While we were at it, we wanted an abstracted asynchronous layer, because all the AsyncTasks were heavily interfaced with the application logic and the UI (never on the same thread though, obviously). We considered the popular Android Async clients — Retrofit, Volley, and the like. These offered greater speed, truly concurrent background threads, and even the abstractions we were looking for. The Square-powered Retrofit seemed to fit our use case better, and most of the Android forums & blogs consider it the fastest Android Async client out there.

Again, we stared at the mammoth task of changing almost all the files in our complex app, and it involved a lot of code just to test. This was not as easy as the HTTP client change above, because these Asyncs were all over the code. Not only was this a big task, but also required us to be extremely careful. However, the upside of moving over to Retrofit far outweighed the massive one-time effort we had to put in to remove all AsyncTasks.

Aspect #3. Parsing Data

A considerable part of our development time was being spent on writing the custom parsers for our various objects, which is a rather laborious and time-consuming effort. Moreover, our parser files were huge — close to a staggering 30,000 lines of static code. The possibility of a reduced memory footprint, and trimming down the app size was motivation enough to revamp this archaic parser strategy.

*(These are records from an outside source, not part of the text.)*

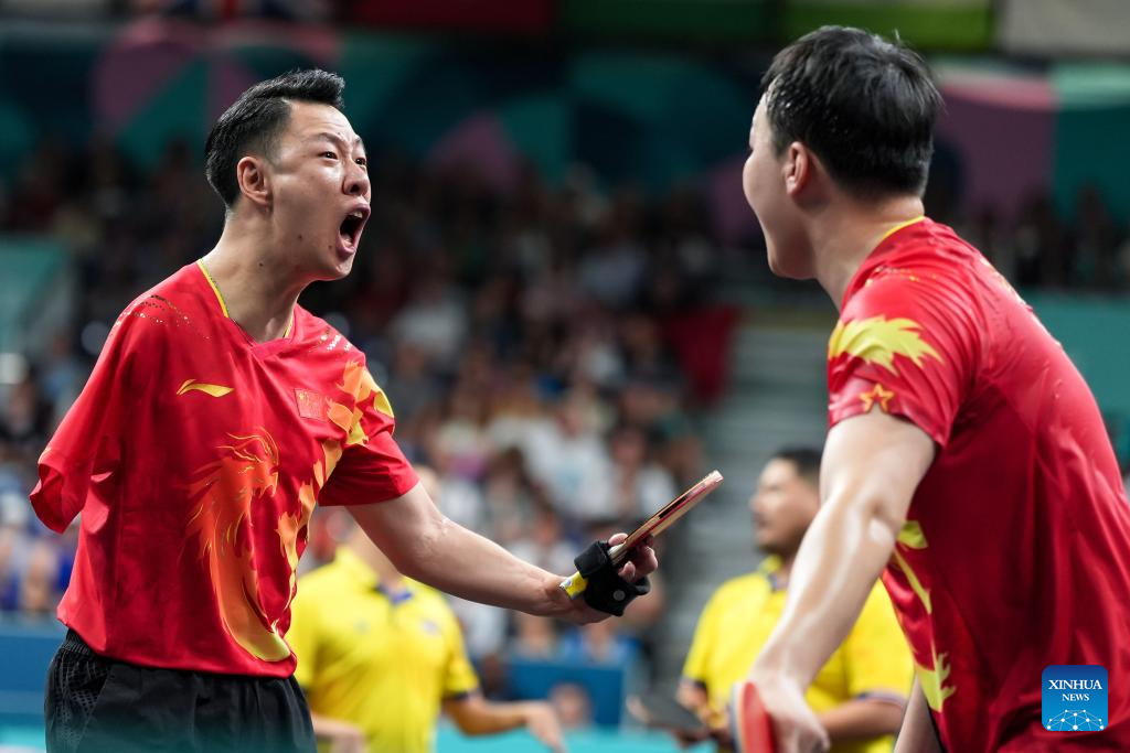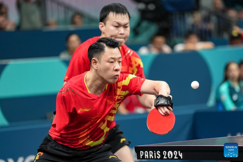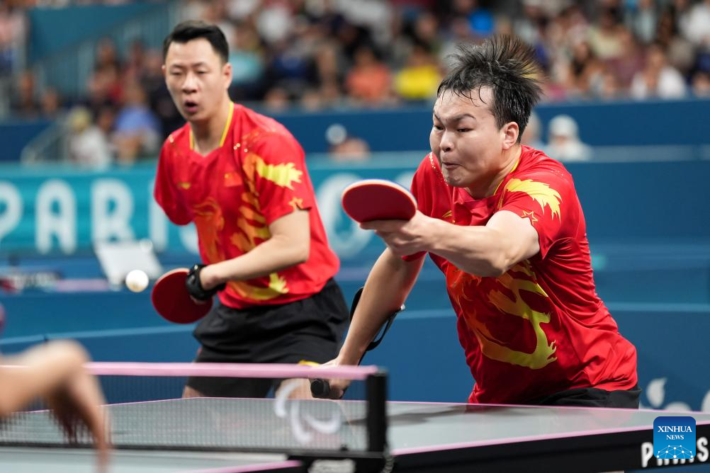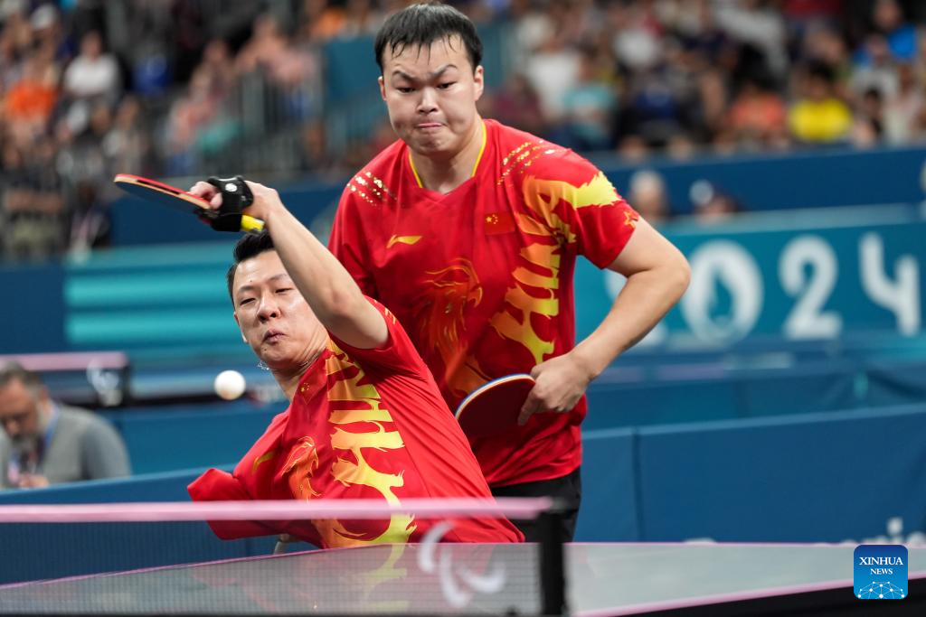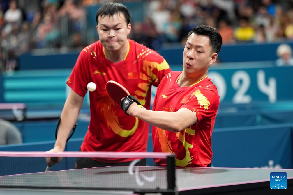 Liao Keli/Yan Shuo (L) of China compete during the Para Table Tennis Men's Doubles MD14 final against Rungroj Thainiyom/Phisit Wangphonphathanasiri of Thailand at the Paris 2024 Paralympic Games in Paris, France, Sept. 1, 2024. (Xinhua/Zhang Cheng)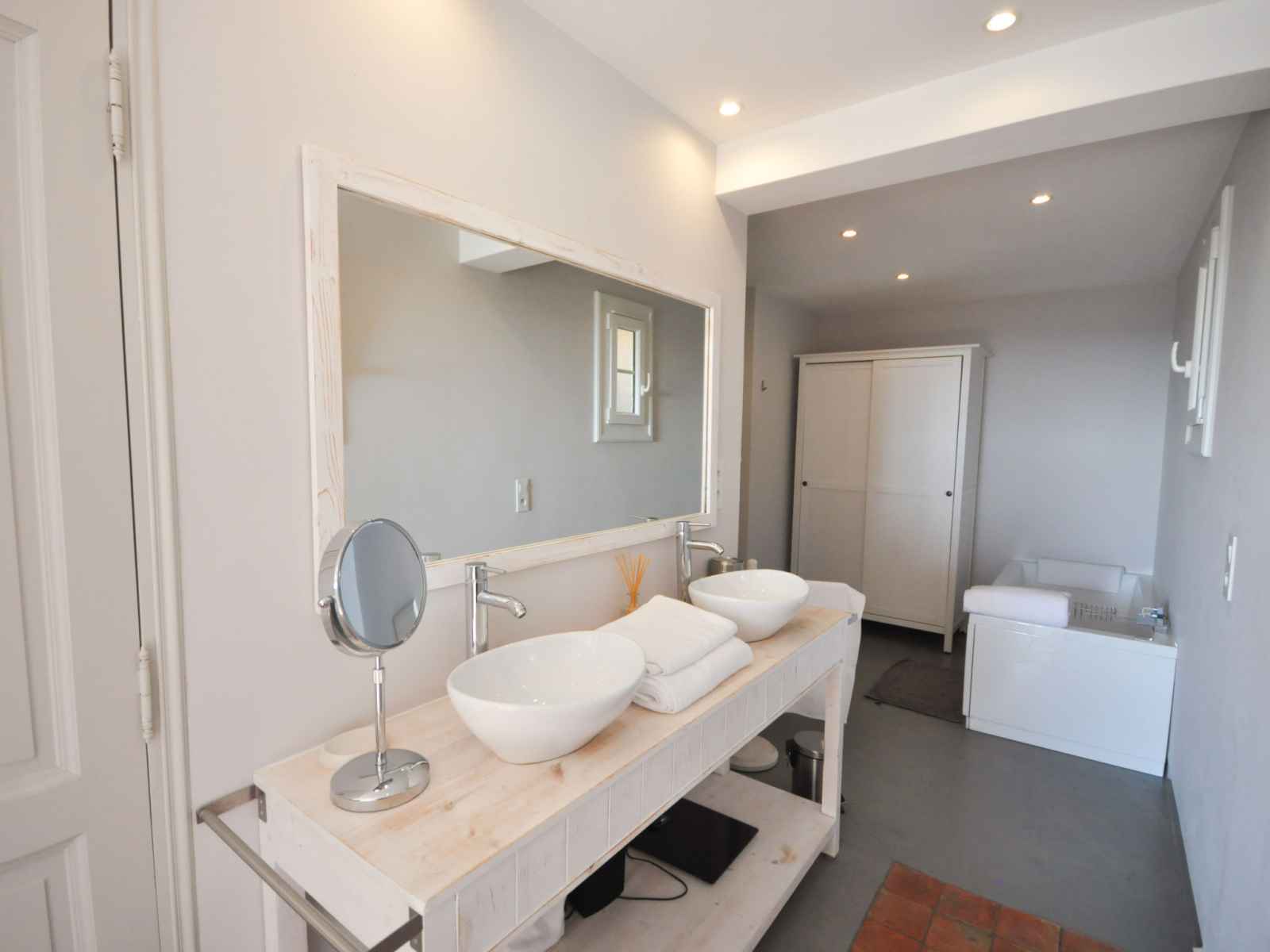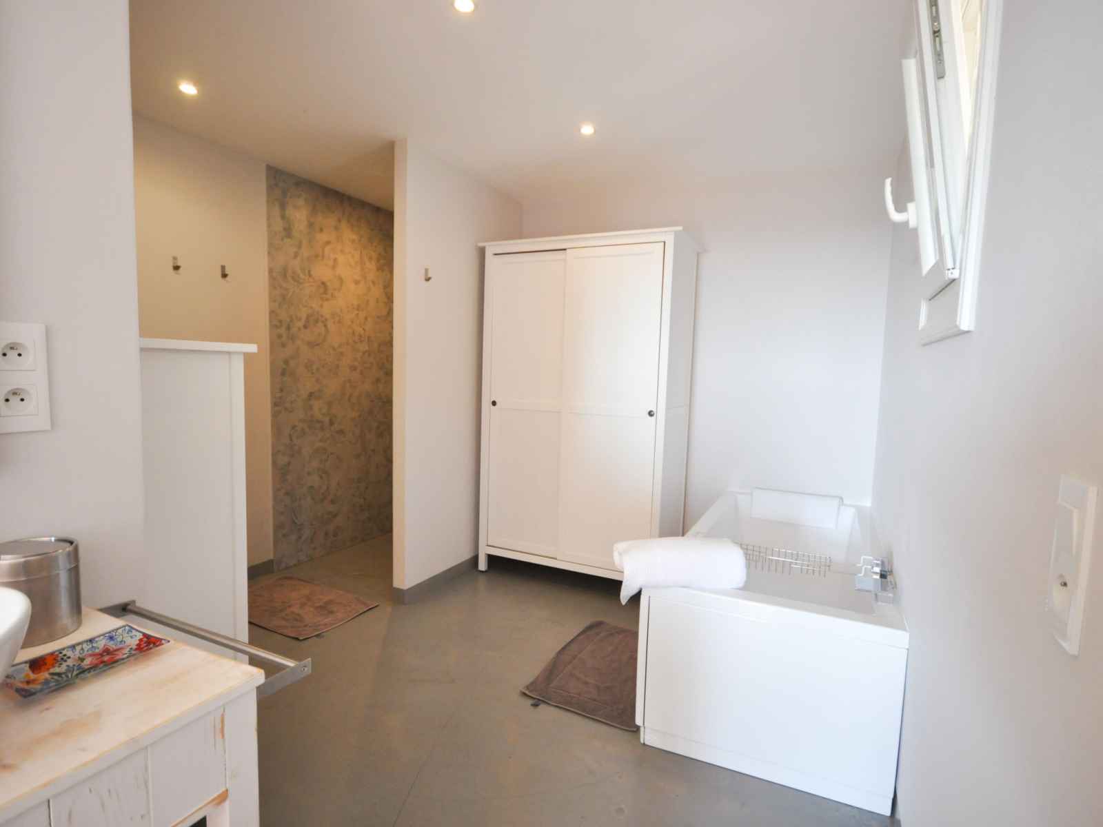 piscine. Cuisine ouverte (2 plaques de cuisson, four, lave-vaisselle, 4 plaques vitrocéramiques, grille-pain, bouilloire électrique, micro-ondes, cafetière électrique). WC séparé. Chauffage électrique. À l'étage supérieur: 1 chambre avec 2 lits (80 cm, longueur 200 cm), douche et air-conditionné. 1 chambre avec 1 grand-lit (1 x 140 cm, longueur 190 cm), douche et air-conditionné. Sortie sur le balcon. 1 petite chambre avec 1 grand-lit (140 cm, longueur 190 cm), air-conditionné. WC séparé. Petit balcon 9 m2, grande terrasse 350 m2. Meubles de terrasse, barbecue, chaises longues (8). Belle vue sur la mer et le port. A disposition: lave-linge, coffre-fort, fer à repasser, chaise haute pour enfant, lit bébé jusqu'à 3 ans. Internet (Connexion WIFI, gratuit). Veuillez noter: maximum 1 animal/ chien autorisé. Détecteur de fumée. Frigo américain et distributeur de glace. La douche du rez-de-chaussée est une douche italienne. Enceinte compacte compatible bluetooth et wifi (utilisable avec un smartphone). La télévision comprend des chaines allemandes. Terrasse panoramique sur pilotis. FR8430.800.1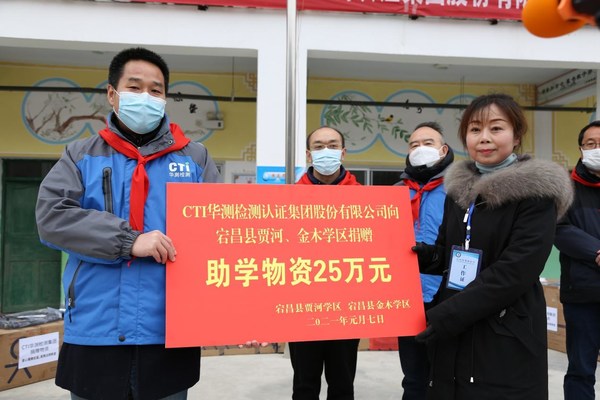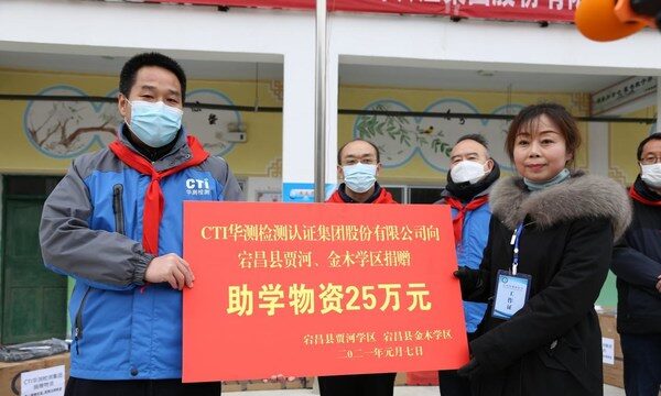 深圳2021年1月7日 /新闻稿网 - Xinwengao.com/ — 2021年1月7日,中国第三方检测认证行业领导者华测检测认证集团股份有限公司(简称CTI华测检测)为甘肃省陇南市宕昌县贾河学区、金木学区捐资助学活动在贾河校区隆重举行。甘肃省陇南市委常委、副市长潘海峰、宕昌县政府副县长刘琳、宕昌县教育局局长宋世忠、青岛文旅集团财务总监郑淑萍、宕昌县贾河乡党委书记蒲新强、宕昌贾河学区校长杨亚红、宕昌金木学区校长戚玉方以及CTI华测检测北方区行政总裁陈彦长、CTI华测检测监督抽查检验客户部总经理刘成勇等出席了捐赠仪式。仪式上,CTI华测检测向宕昌县贾河学区、金木学区捐赠价值25万元的助学物资。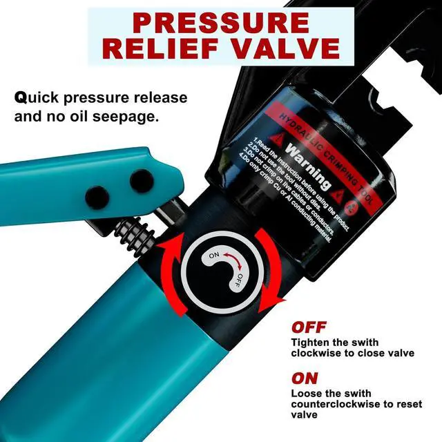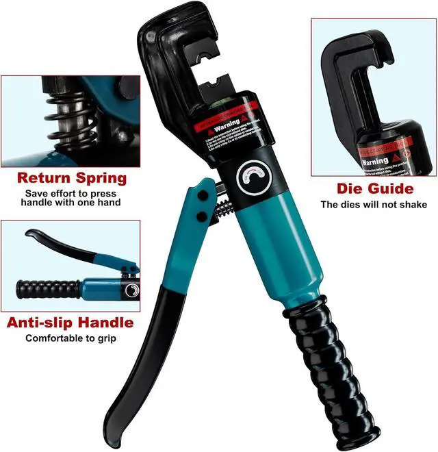 Easy OperationThe hydraulic wire crimper tool offers pressure ON-OFF control and handle return spring for one-hand operation. Innovative Tongs with guide rail make it quickly replace the mold.
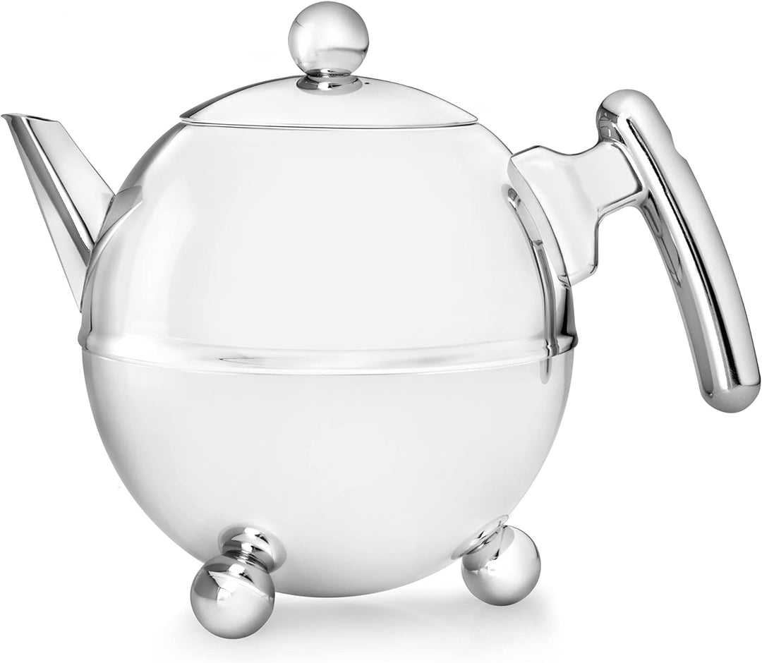 - Die grosse runde silberne 1.5 L Teekanne aus Edelstahl ist doppelwandig und isoliert Tee optimal

To come up with a simpler and quicker parsing strategy, we considered various techniques. The areas of improvement included the speed of parsing, effort during development phase, the number of lines of code, and readability of code.

We considered a few approaches, and it came down to three contenders in a showdown — XML, GSON, and Jackson. To validate each of these, we used one of our heaviest API calls — parsing the menus of one of the largest restaurant chains on Zomato, with each of the three approaches. We built a custom app to hit this api multiple times to test our options in real life scenario.

Showdown of parsers

The screenshots above show the results from the custom showdown app. Each row shows the time it took to parse the API response (in ms).

  1. The first column represents the XML data being parsed with the vtd-xml parser
  2. The second column results are from parsing with GSON v2.5
  3. The third column are results from parsing with Jackson v2.7.1

GSON emerged as the winner, but then again, the transition to GSON wasn’t going to be easy. We had to rewrite some parts of our backend API and Android code in a GSON-ready format.

Final Network Stack

After this exercise, our network layer now looks like this:

We’ve already implemented this in our Zomato for Business app, and we’re currently in the process of making this change in all our other apps on the Android platform, to help improve performance across the board.

We’d like to extend our thanks to all the open source projects mentioned in the post, and to the power of collaborative open source programming.